* _YOUR ASSIGNMENT_:
Could you set down exactly the lines of the data below, starting at the one that holds "D750在约2,432万有效" and ending at the one that holds "Для монтажу по", both included, and only those?

##########

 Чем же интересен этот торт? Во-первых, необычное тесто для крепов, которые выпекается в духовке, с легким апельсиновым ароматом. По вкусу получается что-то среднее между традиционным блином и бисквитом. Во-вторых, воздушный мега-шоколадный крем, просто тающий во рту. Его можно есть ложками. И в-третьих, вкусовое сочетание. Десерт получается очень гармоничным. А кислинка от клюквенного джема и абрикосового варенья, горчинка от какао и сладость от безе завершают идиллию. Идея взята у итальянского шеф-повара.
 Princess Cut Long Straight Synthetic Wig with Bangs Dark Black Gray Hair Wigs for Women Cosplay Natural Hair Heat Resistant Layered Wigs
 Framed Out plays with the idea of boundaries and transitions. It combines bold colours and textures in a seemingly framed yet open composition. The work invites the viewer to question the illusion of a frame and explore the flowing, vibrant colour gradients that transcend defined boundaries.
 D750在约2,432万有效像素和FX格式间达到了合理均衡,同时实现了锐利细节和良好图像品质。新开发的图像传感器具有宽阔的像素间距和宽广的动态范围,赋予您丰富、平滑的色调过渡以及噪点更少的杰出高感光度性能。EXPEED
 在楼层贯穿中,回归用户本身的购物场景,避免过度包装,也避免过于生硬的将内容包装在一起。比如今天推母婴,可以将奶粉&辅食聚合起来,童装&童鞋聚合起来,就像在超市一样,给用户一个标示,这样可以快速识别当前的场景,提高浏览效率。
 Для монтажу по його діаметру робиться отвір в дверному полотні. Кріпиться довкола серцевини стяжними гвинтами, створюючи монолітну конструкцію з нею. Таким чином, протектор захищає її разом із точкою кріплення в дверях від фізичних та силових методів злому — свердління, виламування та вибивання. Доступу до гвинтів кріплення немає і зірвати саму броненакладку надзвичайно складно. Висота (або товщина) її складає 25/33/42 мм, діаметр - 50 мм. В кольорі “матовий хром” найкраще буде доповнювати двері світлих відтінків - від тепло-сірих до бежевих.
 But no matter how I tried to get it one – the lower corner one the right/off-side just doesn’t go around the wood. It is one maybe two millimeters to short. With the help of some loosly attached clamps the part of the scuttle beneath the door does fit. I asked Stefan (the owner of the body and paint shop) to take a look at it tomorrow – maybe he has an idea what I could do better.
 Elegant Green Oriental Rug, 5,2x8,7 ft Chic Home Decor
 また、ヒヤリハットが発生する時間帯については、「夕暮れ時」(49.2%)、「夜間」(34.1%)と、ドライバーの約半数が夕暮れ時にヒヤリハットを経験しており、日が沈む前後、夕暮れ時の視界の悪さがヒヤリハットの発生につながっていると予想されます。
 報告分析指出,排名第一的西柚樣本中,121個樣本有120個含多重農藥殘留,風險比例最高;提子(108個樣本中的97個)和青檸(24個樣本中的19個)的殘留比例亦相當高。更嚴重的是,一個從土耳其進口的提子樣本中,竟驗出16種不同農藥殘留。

##########

* _WRITTEN REPLY_:
 D750在约2,432万有效像素和FX格式间达到了合理均衡,同时实现了锐利细节和良好图像品质。新开发的图像传感器具有宽阔的像素间距和宽广的动态范围,赋予您丰富、平滑的色调过渡以及噪点更少的杰出高感光度性能。EXPEED
 在楼层贯穿中,回归用户本身的购物场景,避免过度包装,也避免过于生硬的将内容包装在一起。比如今天推母婴,可以将奶粉&辅食聚合起来,童装&童鞋聚合起来,就像在超市一样,给用户一个标示,这样可以快速识别当前的场景,提高浏览效率。
 Для монтажу по його діаметру робиться отвір в дверному полотні. Кріпиться довкола серцевини стяжними гвинтами, створюючи монолітну конструкцію з нею. Таким чином, протектор захищає її разом із точкою кріплення в дверях від фізичних та силових методів злому — свердління, виламування та вибивання. Доступу до гвинтів кріплення немає і зірвати саму броненакладку надзвичайно складно. Висота (або товщина) її складає 25/33/42 мм, діаметр - 50 мм. В кольорі “матовий хром” найкраще буде доповнювати двері світлих відтінків - від тепло-сірих до бежевих.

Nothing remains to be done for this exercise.